De cuando en cuando me da un ataque de nostalgia castiza y en mi memoria gustativa brilla como un icono el bocata de calamares. Y digo brilla porque, aunque ellos presuman de servir el mejor bocadillo de calamares del planeta Madrid, yo ya lo tengo grabado a fuego en mi retina desde pequeña: El Brillante. Antes lucía también en Cuatro Caminos, pero su esplendor se mantiene a tope en Atocha, donde los turistas hambrientos de localismo (tras paladear el arte del Reina Sofía) y los locales que turistean se lanzan al calamar frito de día y de noche (cierra entrada la madrugada), ofrecido a velocidad de vértigo. El olfato guiri conduce, sin remisión, a la plaza Mayor y sus aledaños, donde el bocata de calamares rivaliza en popularidad con el rediseñado mercado de San Miguel.

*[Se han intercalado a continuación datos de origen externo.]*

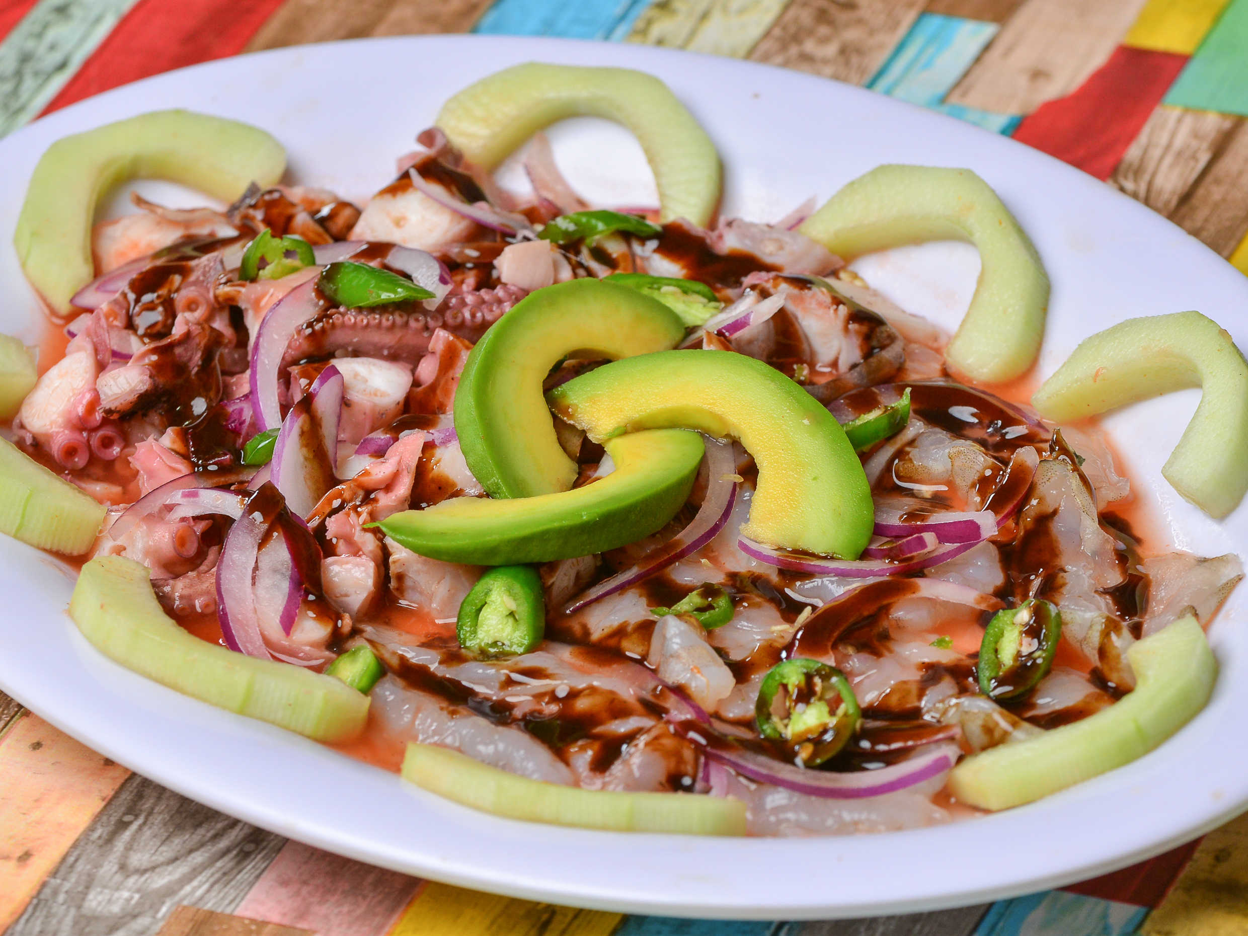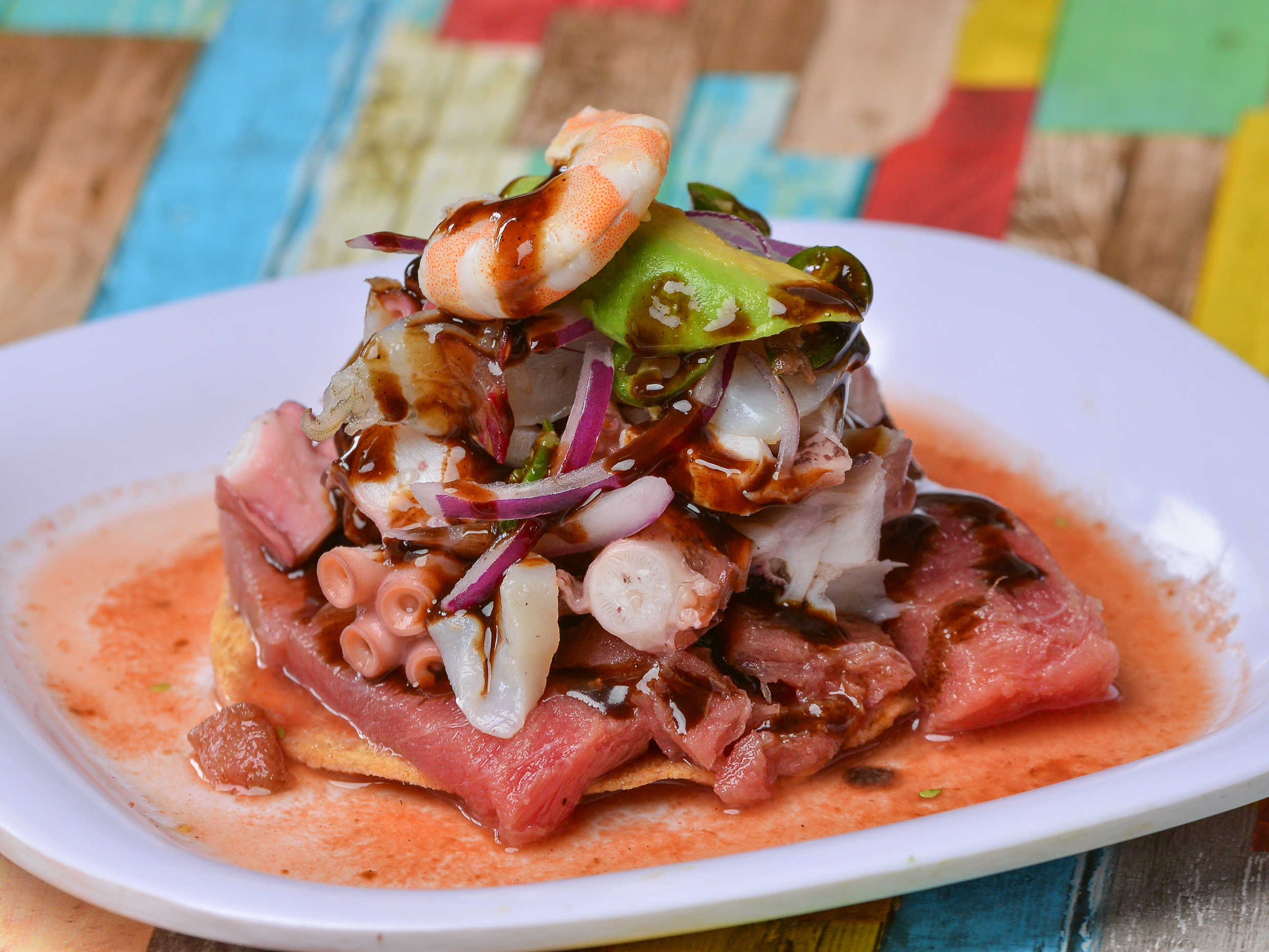 Tostada Ceviche de Pescado*2 + Refresco Lata 355ml varios sabores*1
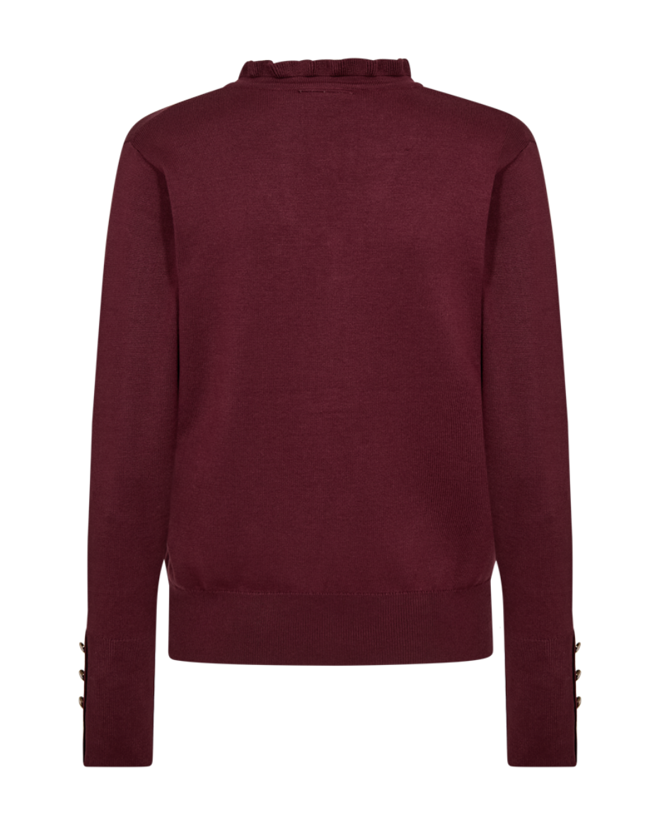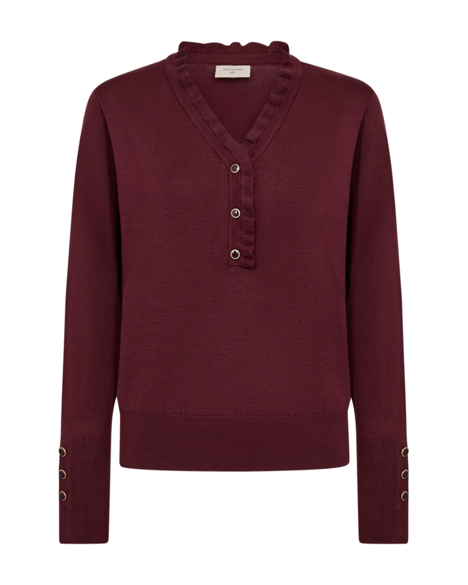 Laget i en myk og luksuriøs viskoseblanding, føles denne genseren behagelig mot huden hele dagen. Med en feminin v-hals med knapper og volang, rett passform, og elegante knapper nederst på ermene, gir den antrekket ditt et sofistikert og moderne preg.

Da igual que el dichoso bocado aporte 500 calorías de media (que si el pan, que si el rebozado), y da igual que el pan a veces tenga un leve helor en su masa caliente, o que los calamares tengan un punto chicloso, o que el aceite (¿de oliva, lo juran?) tenga más frituras de las que debería. Lo que importa es que la grasilla de los sabores cañís hace tremendamente feliz al personal. Dos de mis amigos, uno en Tokio y otro en Nueva York, en cuanto pisan tierra madrileña se lanzan al bocata de calamar, a la tortilla de patatas y al jamón como quien sale de un ayuno de ermitaño. Pero como les han dicho que la urbe lucha por el cosmopolitismo gastronómico, su ansia de novedad pregunta que si hay "bocatas gourmet". Hay aportaciones, como la versión del sushiman madrileño Ricardo Sanz o el bocatín sofisticado (con toques cítricos y asiáticos) del madrileñizado catalán Sergi Arola. Pero lo que podría considerarse gastrobocata, pues no abunda. ¿Y no podrían hacer como en San Sebastián, que hasta las gildas se modernizan sin perder la esencia del pincho?, insisten. Pero ya han visto que es más fácil encontrar un pseudosushi en un bareto con ínfulas de taberna siglo XXI.